***** Input records *****

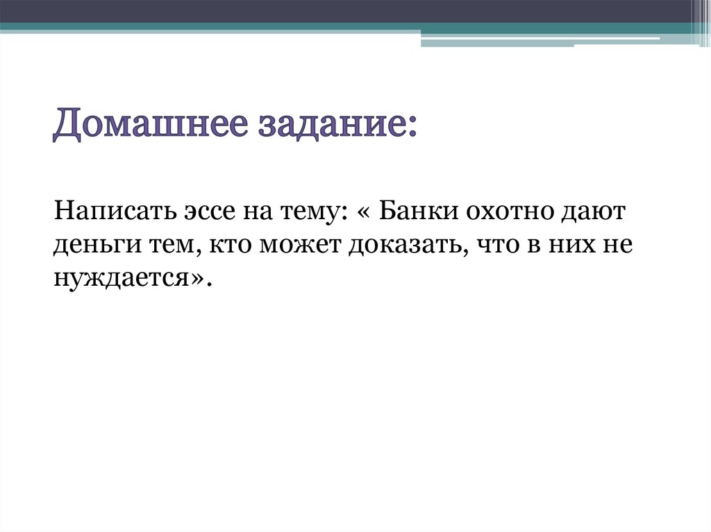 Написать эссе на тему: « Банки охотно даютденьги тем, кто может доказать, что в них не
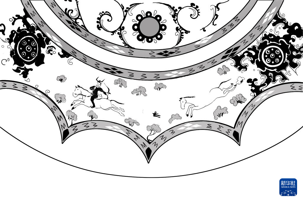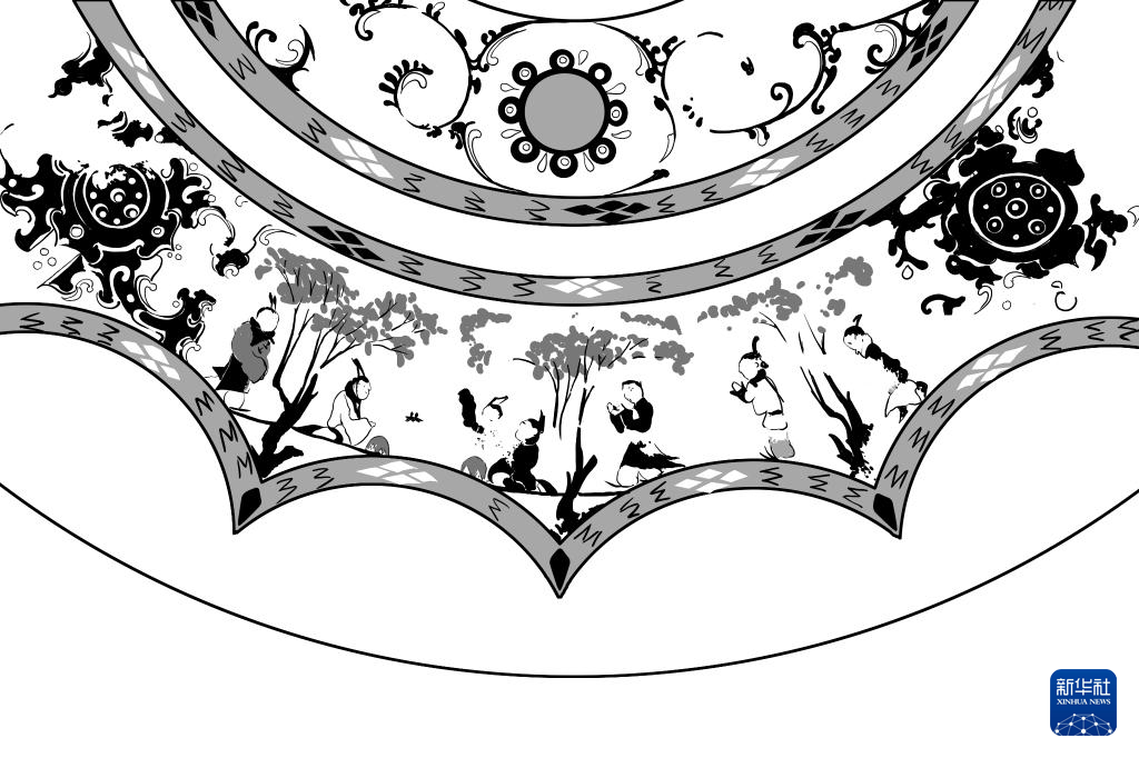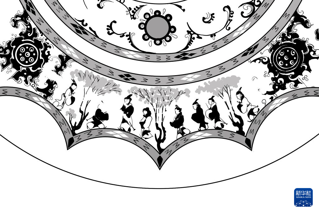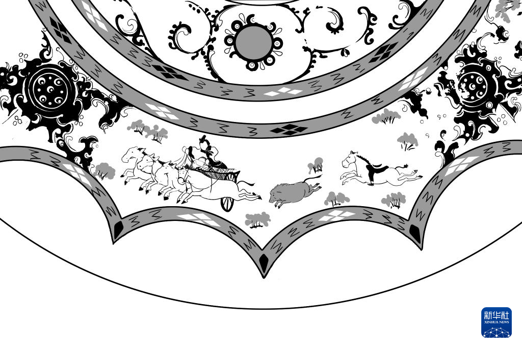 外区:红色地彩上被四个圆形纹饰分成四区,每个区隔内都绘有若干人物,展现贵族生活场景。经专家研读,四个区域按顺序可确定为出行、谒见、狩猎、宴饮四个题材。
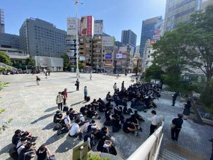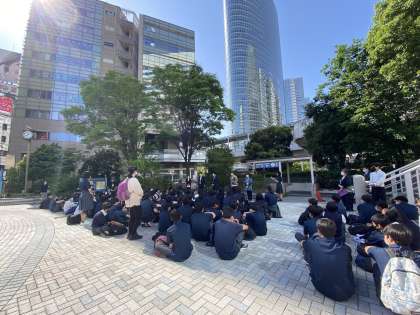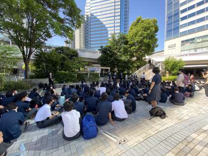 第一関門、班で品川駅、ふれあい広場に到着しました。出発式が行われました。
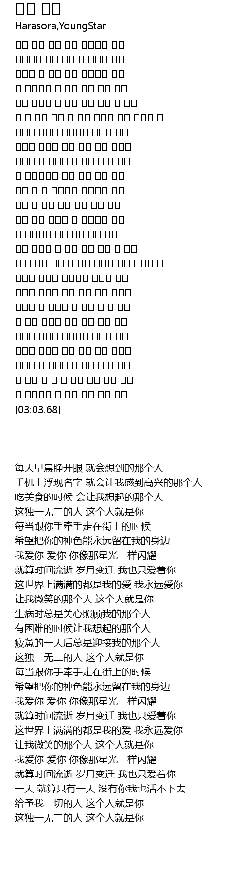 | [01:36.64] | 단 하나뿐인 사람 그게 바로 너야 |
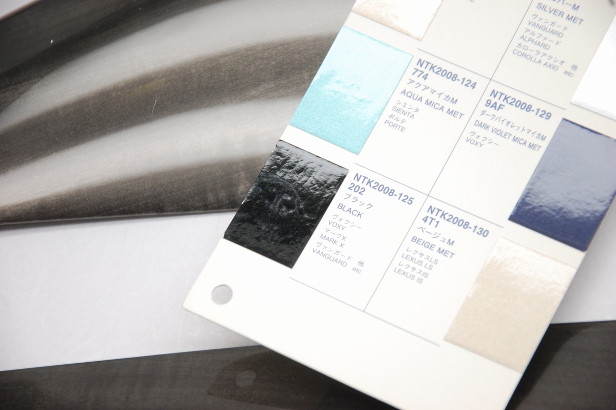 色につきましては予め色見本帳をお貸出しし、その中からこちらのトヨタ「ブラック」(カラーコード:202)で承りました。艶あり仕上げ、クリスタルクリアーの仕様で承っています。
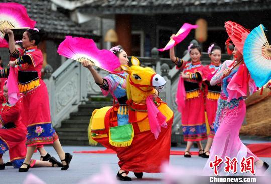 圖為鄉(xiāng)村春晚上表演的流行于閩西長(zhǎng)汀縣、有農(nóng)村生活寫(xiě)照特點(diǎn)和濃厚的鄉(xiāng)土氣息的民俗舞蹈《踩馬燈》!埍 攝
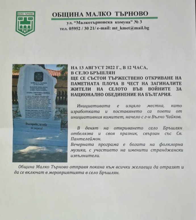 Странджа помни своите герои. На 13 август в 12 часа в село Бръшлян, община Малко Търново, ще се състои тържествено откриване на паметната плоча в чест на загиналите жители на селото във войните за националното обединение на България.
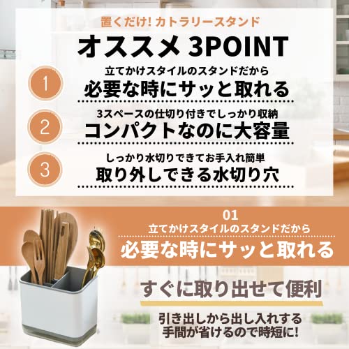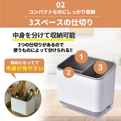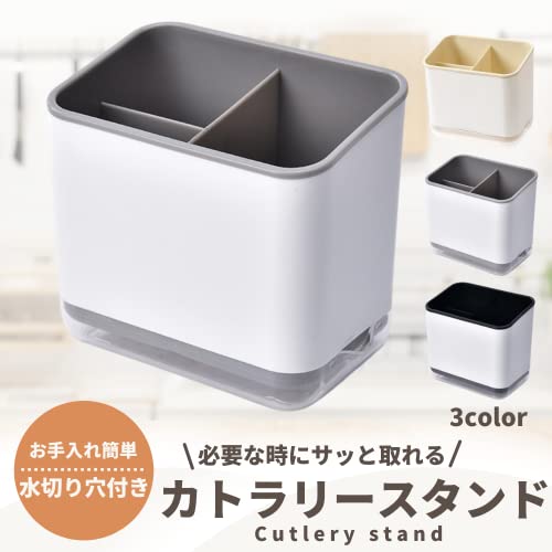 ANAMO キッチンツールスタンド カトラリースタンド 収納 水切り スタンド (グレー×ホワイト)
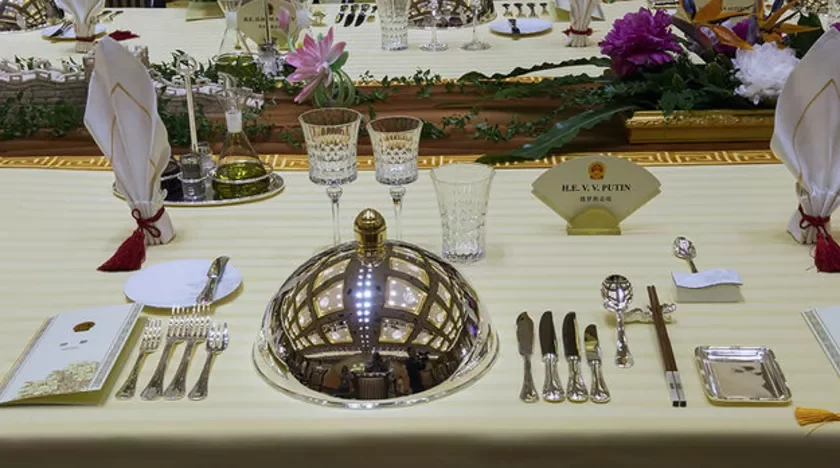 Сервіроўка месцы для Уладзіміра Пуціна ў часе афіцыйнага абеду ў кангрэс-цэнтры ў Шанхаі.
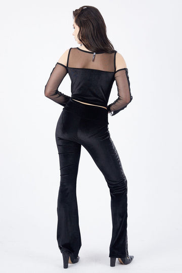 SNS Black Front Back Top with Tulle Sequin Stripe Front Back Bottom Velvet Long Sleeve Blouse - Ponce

*****

To do |
The reply should hold every record, unchanged, and no pictures.

Problem solution |
 Написать эссе на тему: « Банки охотно даютденьги тем, кто может доказать, что в них не
 外区:红色地彩上被四个圆形纹饰分成四区,每个区隔内都绘有若干人物,展现贵族生活场景。经专家研读,四个区域按顺序可确定为出行、谒见、狩猎、宴饮四个题材。
 第一関門、班で品川駅、ふれあい広場に到着しました。出発式が行われました。
 | [01:36.64] | 단 하나뿐인 사람 그게 바로 너야 |
 色につきましては予め色見本帳をお貸出しし、その中からこちらのトヨタ「ブラック」(カラーコード:202)で承りました。艶あり仕上げ、クリスタルクリアーの仕様で承っています。
 圖為鄉(xiāng)村春晚上表演的流行于閩西長(zhǎng)汀縣、有農(nóng)村生活寫(xiě)照特點(diǎn)和濃厚的鄉(xiāng)土氣息的民俗舞蹈《踩馬燈》!埍 攝
 Странджа помни своите герои. На 13 август в 12 часа в село Бръшлян, община Малко Търново, ще се състои тържествено откриване на паметната плоча в чест на загиналите жители на селото във войните за националното обединение на България.
 ANAMO キッチンツールスタンド カトラリースタンド 収納 水切り スタンド (グレー×ホワイト)
 Сервіроўка месцы для Уладзіміра Пуціна ў часе афіцыйнага абеду ў кангрэс-цэнтры ў Шанхаі.
 SNS Black Front Back Top with Tulle Sequin Stripe Front Back Bottom Velvet Long Sleeve Blouse - Ponce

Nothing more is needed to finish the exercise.